### SOURCE MATERIAL
▼

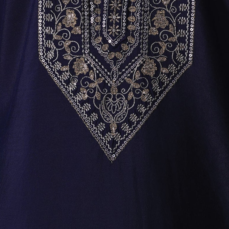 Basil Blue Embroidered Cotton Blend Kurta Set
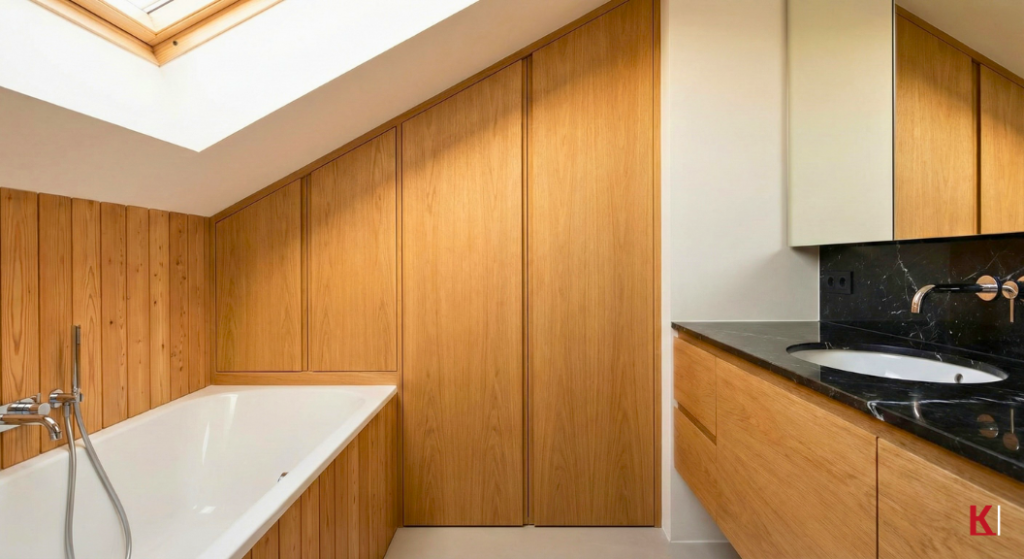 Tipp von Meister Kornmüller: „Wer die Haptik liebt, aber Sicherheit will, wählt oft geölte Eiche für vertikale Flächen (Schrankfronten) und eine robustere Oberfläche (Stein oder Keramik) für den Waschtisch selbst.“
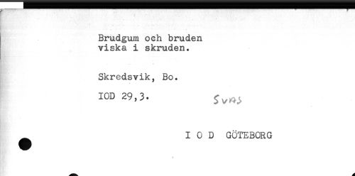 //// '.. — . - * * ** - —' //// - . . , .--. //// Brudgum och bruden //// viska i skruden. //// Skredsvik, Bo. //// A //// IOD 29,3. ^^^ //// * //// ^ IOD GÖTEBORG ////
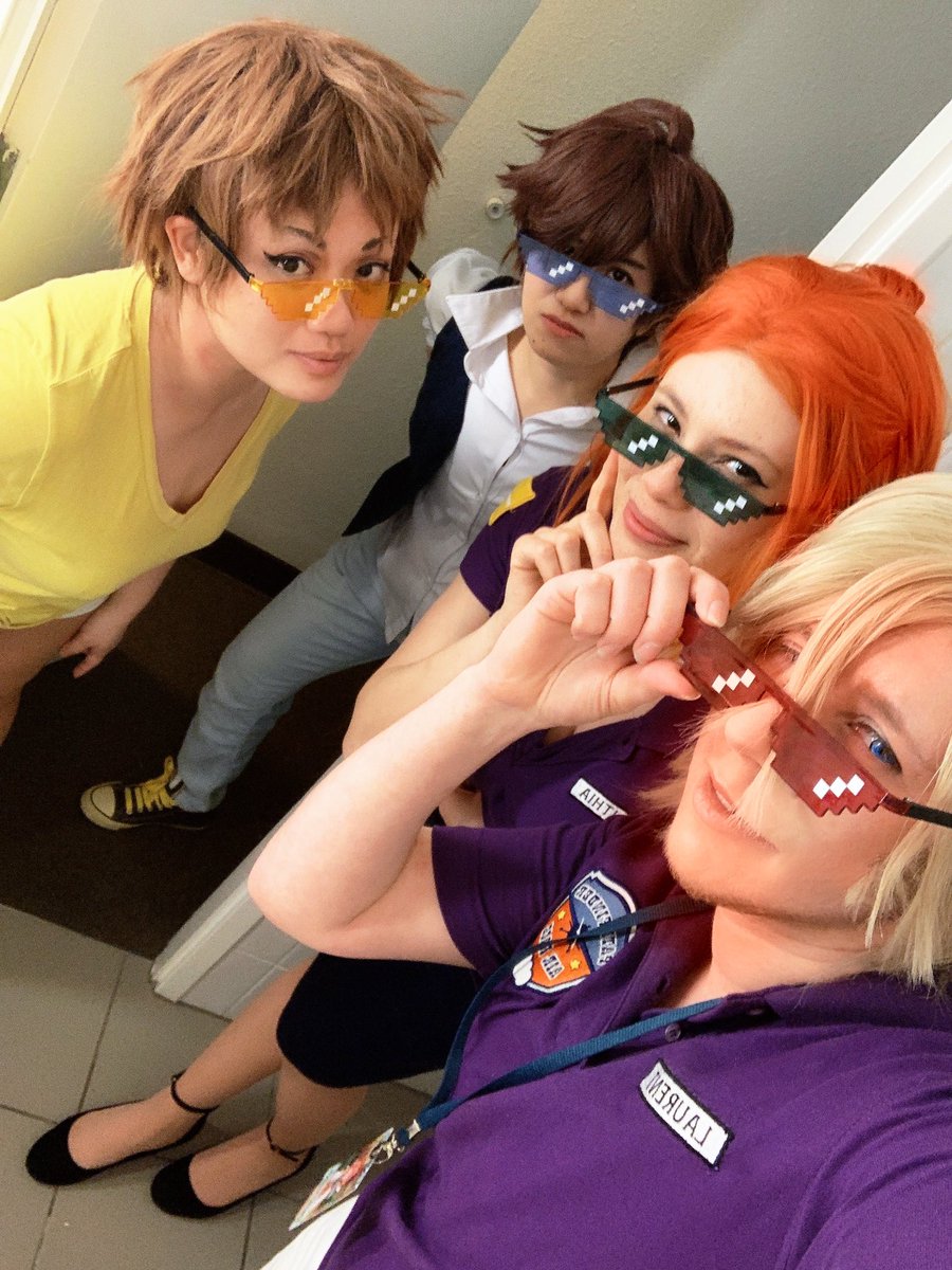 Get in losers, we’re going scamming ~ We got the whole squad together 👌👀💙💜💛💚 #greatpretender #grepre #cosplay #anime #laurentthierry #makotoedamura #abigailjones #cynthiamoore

▲

### TASK TO COMPLETE
Your answer must be the lines from the line containing "IOD GÖTEBORG ////" through the final line of the data, written out exactly, both ends included and pictures left out.

### TASK OUTPUT
 //// '.. — . - * * ** - —' //// - . . , .--. //// Brudgum och bruden //// viska i skruden. //// Skredsvik, Bo. //// A //// IOD 29,3. ^^^ //// * //// ^ IOD GÖTEBORG ////
 Get in losers, we’re going scamming ~ We got the whole squad together 👌👀💙💜💛💚 #greatpretender #grepre #cosplay #anime #laurentthierry #makotoedamura #abigailjones #cynthiamoore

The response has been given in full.